(Exercise prompt)
Given the records underneath, please repeat exactly the lines from the line with "2 tool boxes, 1" through the line with "Nos quadros a", passing over any picture.

::: Dataset entries :::

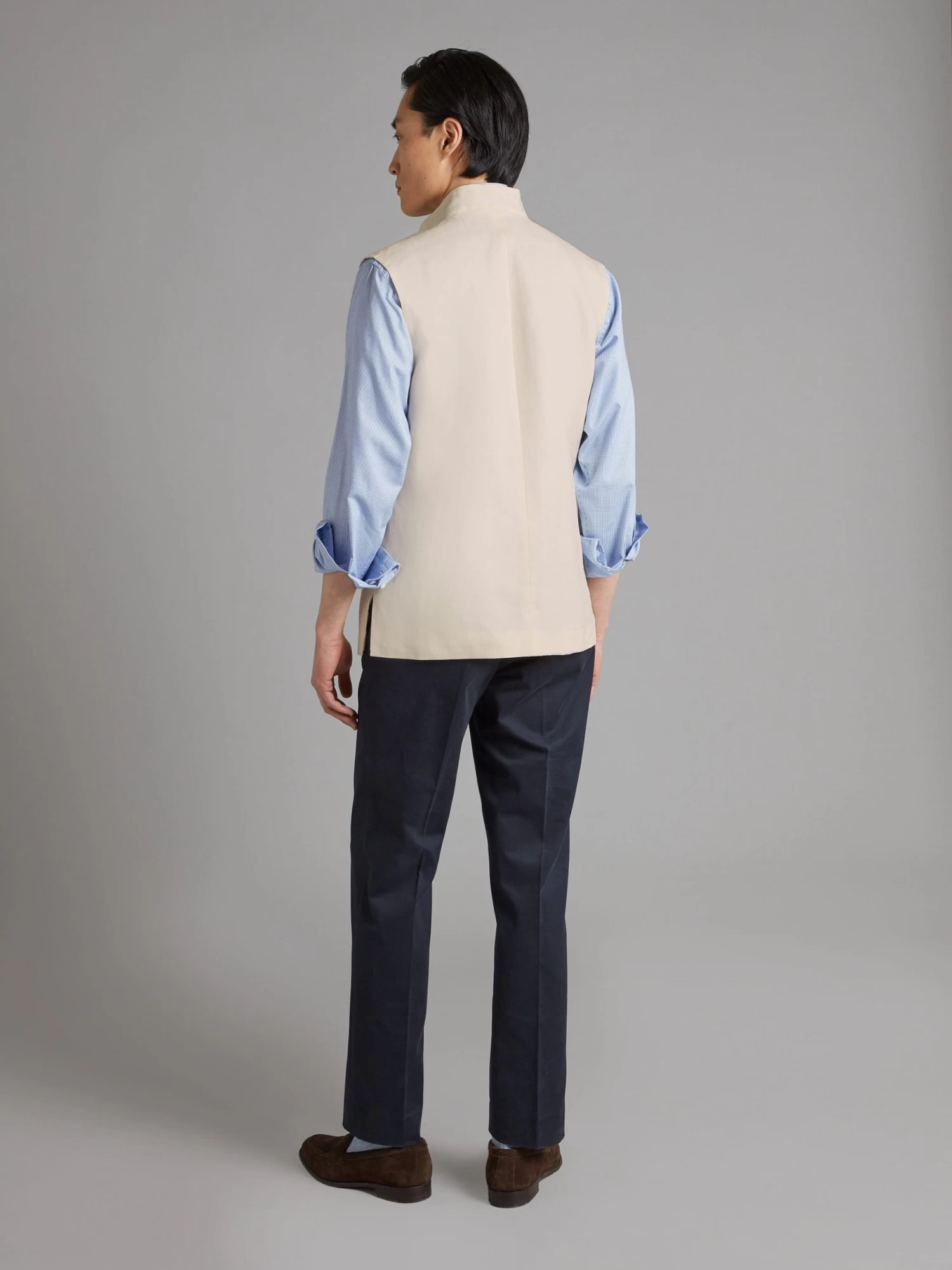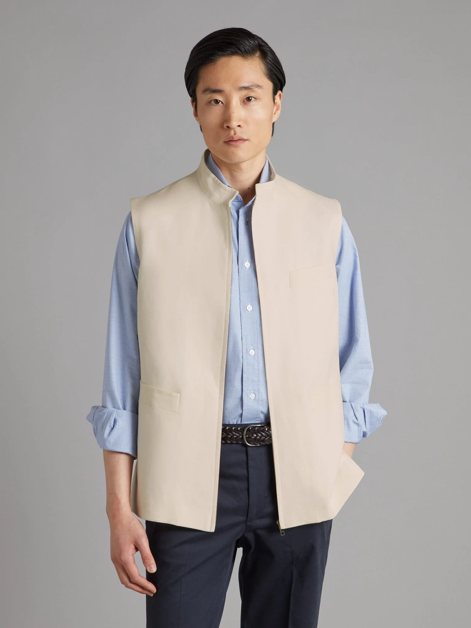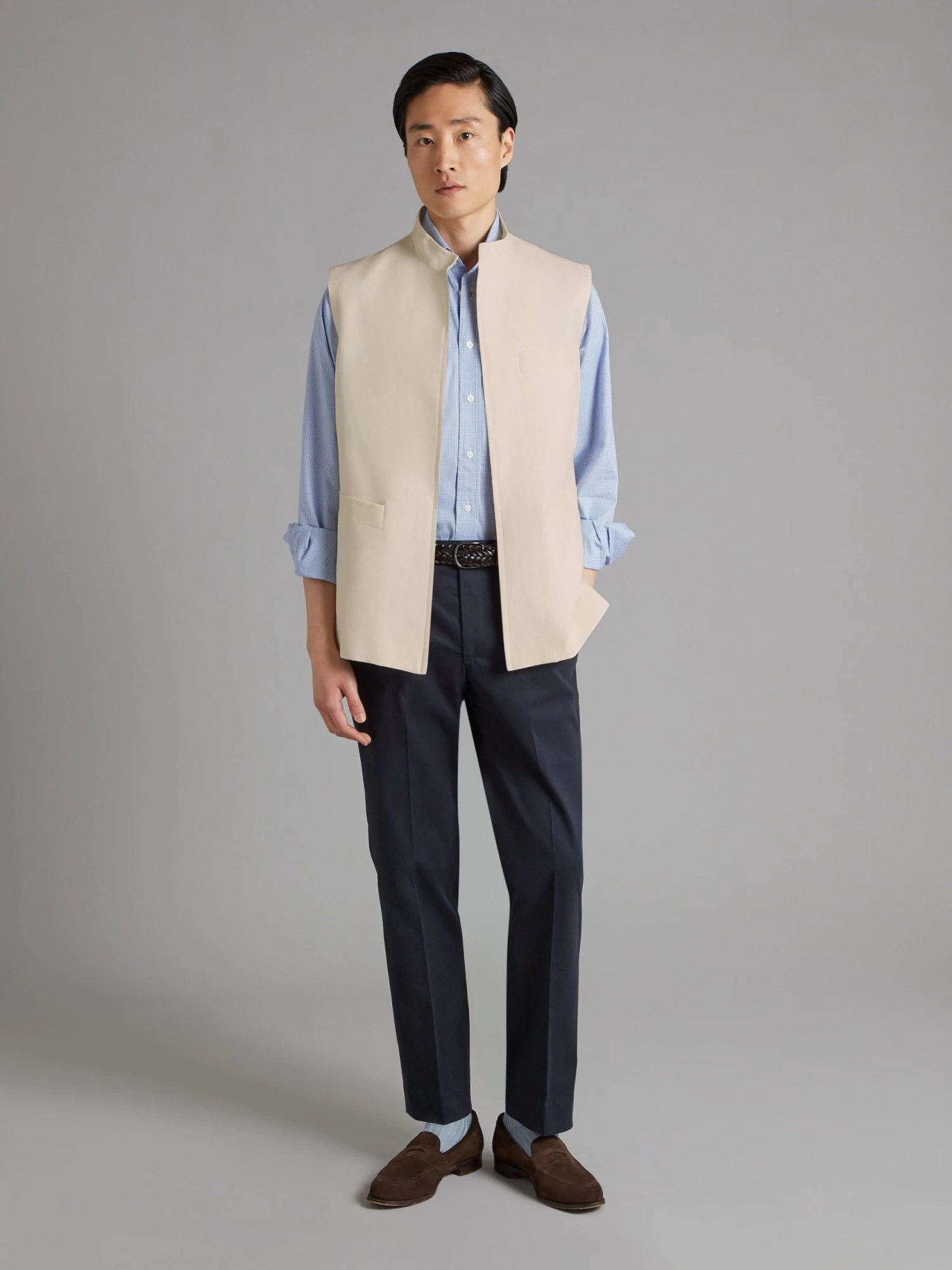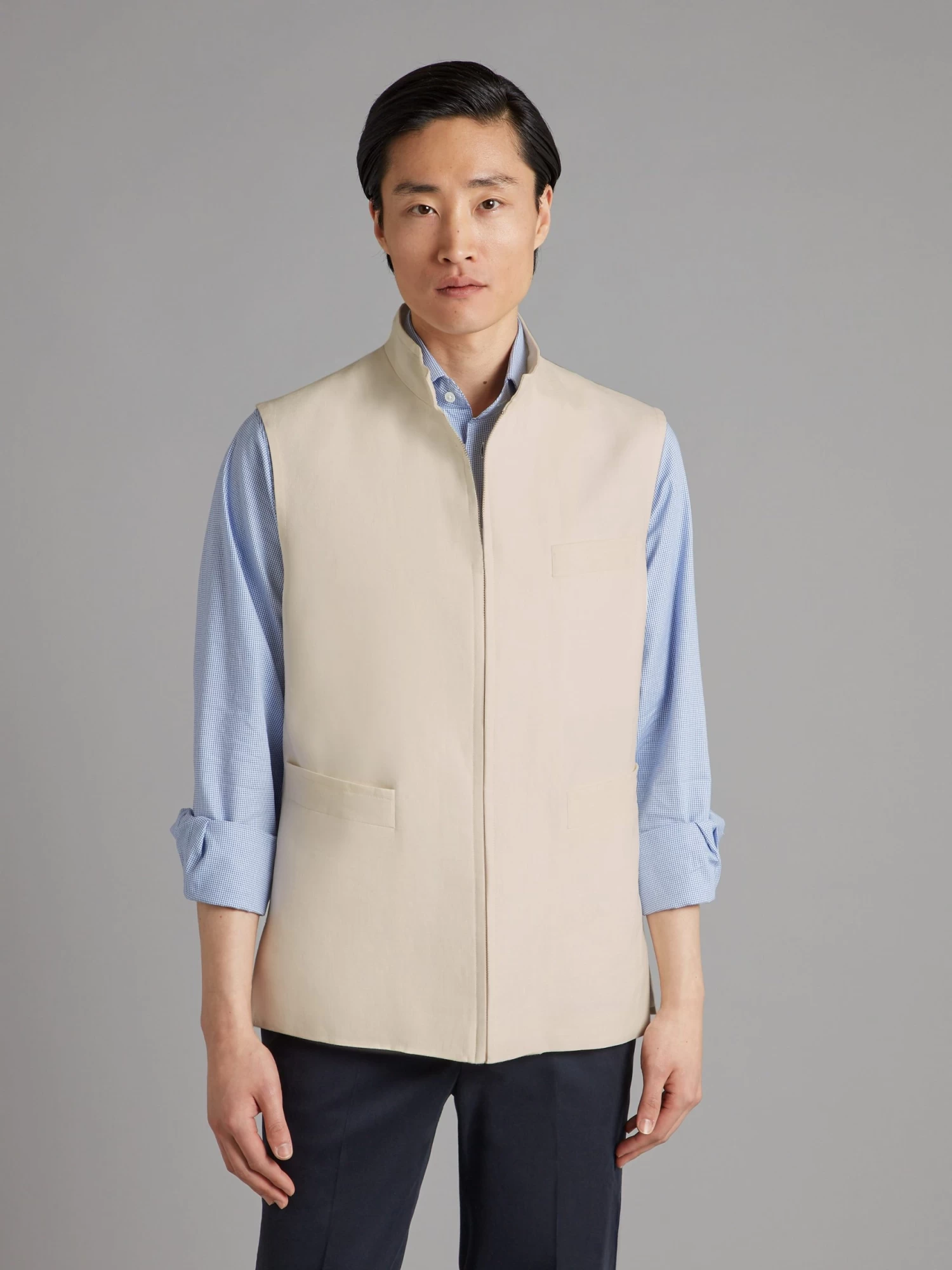 Ideal for summer, our stone linen gilet is an easily styled piece, perfect for layering. It features a Nehru collar, single welt pockets and a hidden front zip. The 225gms lightweight linen is sourced from Solbiati, now a part of Loro Piana.
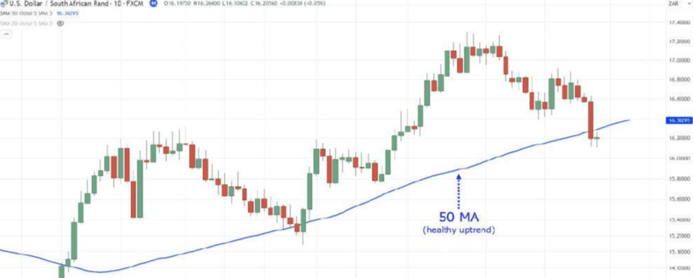 Do you remember what I shared with you earlier about healthy trends? Because this time we will use the 50-period moving average to systematically define healthy trends, as shown in the figure below.
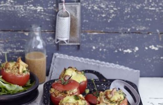 Gefüllte Tomaten mit Pfifferlingen Zutaten Salz 125 g Bulgur 250 g Pfifferlinge 1 Frühlingszwiebel 1 Knoblauchzehe 100 g mittelalter Gouda 8 große Tomaten 6 EL Olivenöl 2 EL Aceto balsamico bianco 2 TL Dijon-Senf Cayennepfeffer 1 Prise Vollrohrzucker 6 EL gehackte Pe [...]
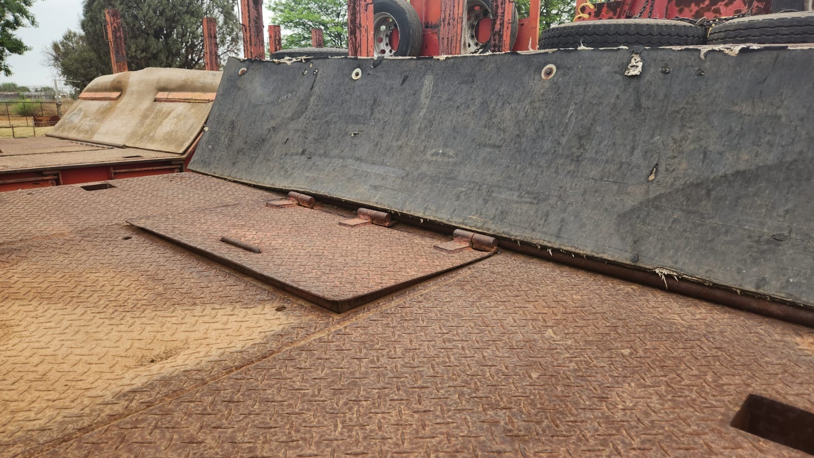 2 tool boxes, 1 in front of gooseneck, 1 on flat deck
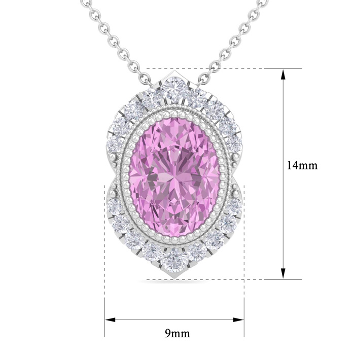 Retrograde Birthstones™ 1 3/4 Carat Oval Shape Pink Topaz and Diamond Necklace In 14K White Gold
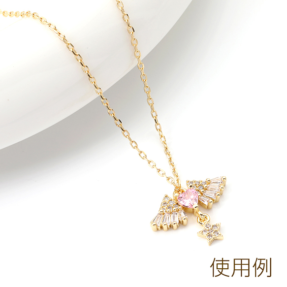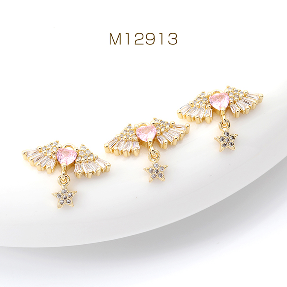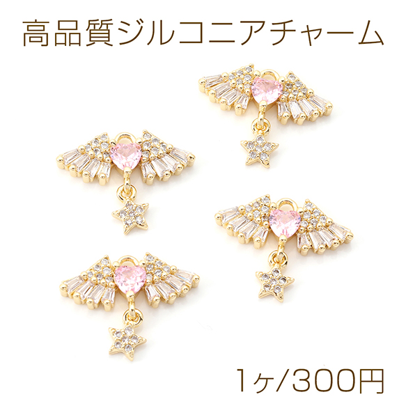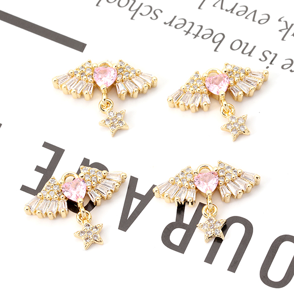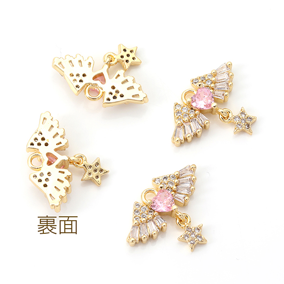 高品質ジルコニアチャーム 天使の羽とハート 星形付き ゴールド 14×18mm(1ヶ)
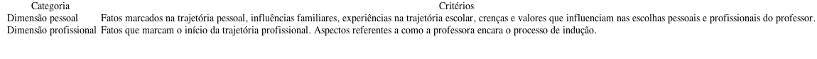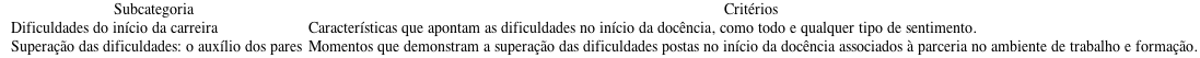 Nos quadros a seguir apontamos as categorias, subcategorias e seus critérios de análise:
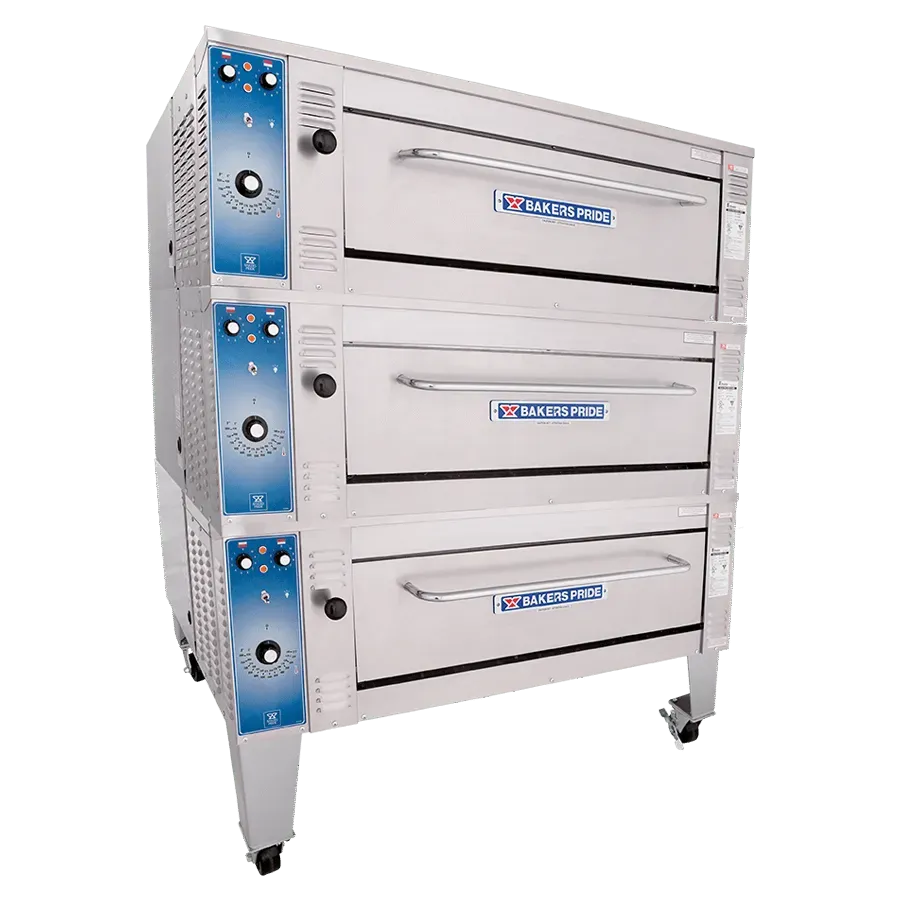 The Bakers Pride® model EB-3-8-3836 pizza oven is ideal for high-volume restaurants, offering the same durability and performance as our gas deck ovens with the low maintenance of an electrical system. This triple-stacked model has three steel decks with 8” deck heights. The independently controlled, U-shaped heating elements on top and bottom allow for uniform temperatures and perfectly balanced baking. This model is constructed with heavy-duty, .25" angle iron frame, which is fully welded to allow for stacking.

:::

(Answer section)
 2 tool boxes, 1 in front of gooseneck, 1 on flat deck
 Retrograde Birthstones™ 1 3/4 Carat Oval Shape Pink Topaz and Diamond Necklace In 14K White Gold
 高品質ジルコニアチャーム 天使の羽とハート 星形付き ゴールド 14×18mm(1ヶ)
 Nos quadros a seguir apontamos as categorias, subcategorias e seus critérios de análise:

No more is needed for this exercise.